Impacts having impacts —

End-Cretaceous asteroid impact seems to have juiced seafloor volcanoes

Add another item to the “things that went wrong” list during mass extinction.

An octopus at the edge of some recently erupted seafloor shakes its fist in remembrance of the lives lost during the end-Cretaceous extinction.
Enlarge / An octopus at the edge of some recently erupted seafloor shakes its fist in remembrance of the lives lost during the end-Cretaceous extinction.
Bill Chadwick, Oregon State University, and ROV Jason, Woods Hole Oceanographic Institution

The mass extinction at the end of the Cretaceous, which terminated the reign of the dinosaurs, is nothing if not imagination fuel. It’s hard to wrap your head around a cataclysm of such impossible scale, but it’s easy to drown in ideas about how it played out.

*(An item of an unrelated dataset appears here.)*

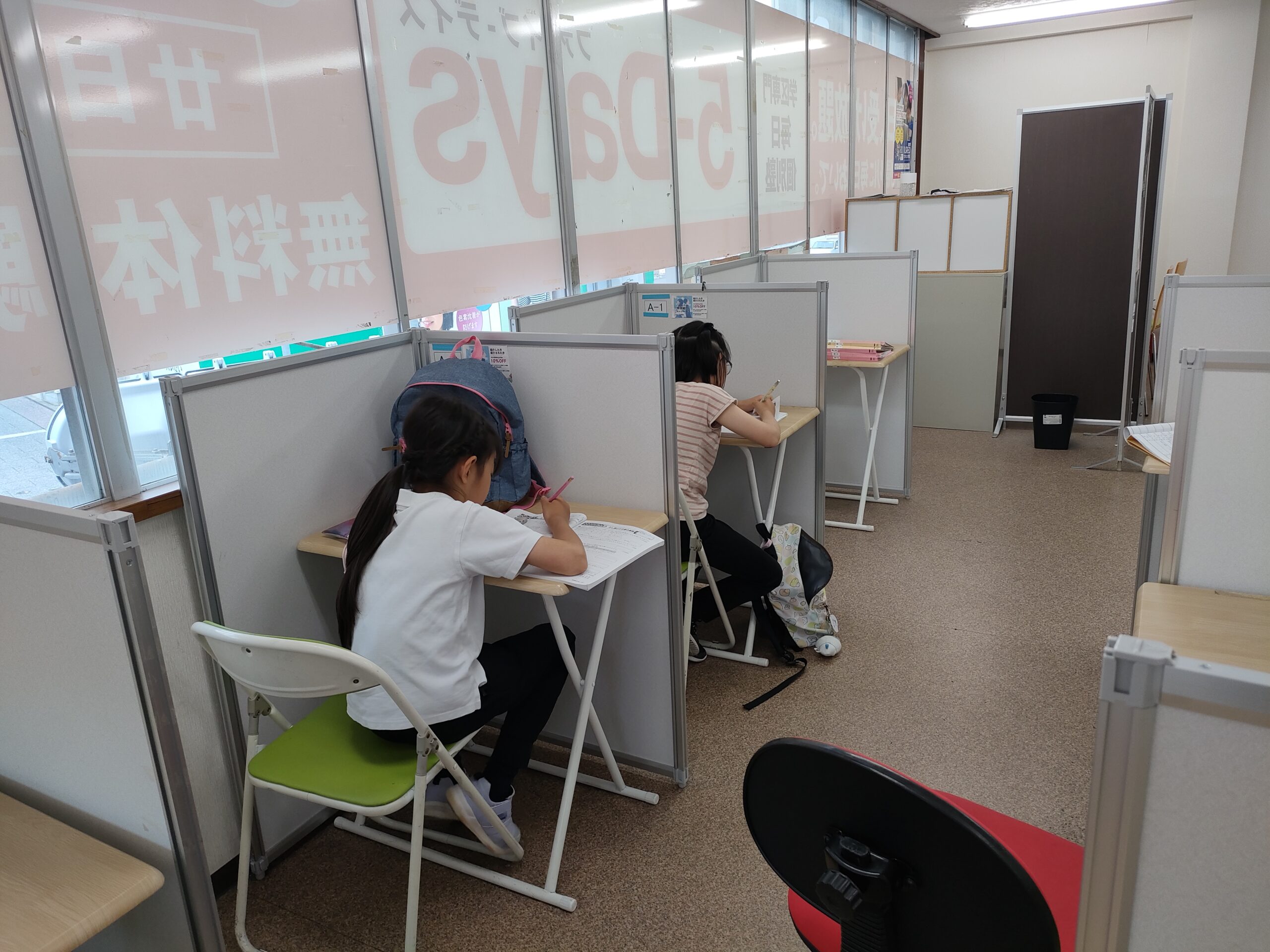 5-Daysの自習室は、ひとり一人のスペースが確保され、集中して勉強できる環境が整っています。是非ご活用ください。

The impact of an asteroid off what is today the Yucatán Peninsula, near the town of Chicxulub, seems to be a straightforward entry in the “unusually bad” column. The subsequent global wildfires and soot-blackened skies expands the scale a bit. But the extinction event took place at the same time as the massive Deccan Traps volcanic eruptions in modern-day India, which began even before the Chicxulub impact.

A lot of work has looked at the extent to which the Deccan Traps eruptions influenced the extinctions, and many experts have considered whether the impact could have boosted the eruption rate on the other side of the world. But a new study by Joseph Byrnes at the University of Minnesota and Leif Karlstrom at the University of Oregon headed off in a different direction: were other, additional volcanoes affected by the impact?

For most lone volcanoes, that would be a very difficult question to answer. The mid-ocean ridges on the seafloor, however, keep records. These ridges are plate-tectonic rifts where magma rises to create oceanic rock that the seafloor on either side pulls away like twin conveyor belts. That means you can read the history of the mid-ocean ridge volcanism by examining the seafloor, with distance from the rift related to time. If the Chicxulub impact stimulated mid-ocean ridges to barf up more lava, you should find some 66-million-year-old seafloor that is thicker than its surroundings.

To see if this was the case, Byrnes and Karlstrom relied primarily on satellite measurements of variations in Earth’s gravitational pull. Gravity varies ever so slightly based on the thickness and density of Earth’s crust. So as the satellite passes over thicker seafloor, it registers just a little more gravitational pull. The researchers also checked with a global dataset of seafloor topography, but that data is actually partly derived from the same gravity measurements.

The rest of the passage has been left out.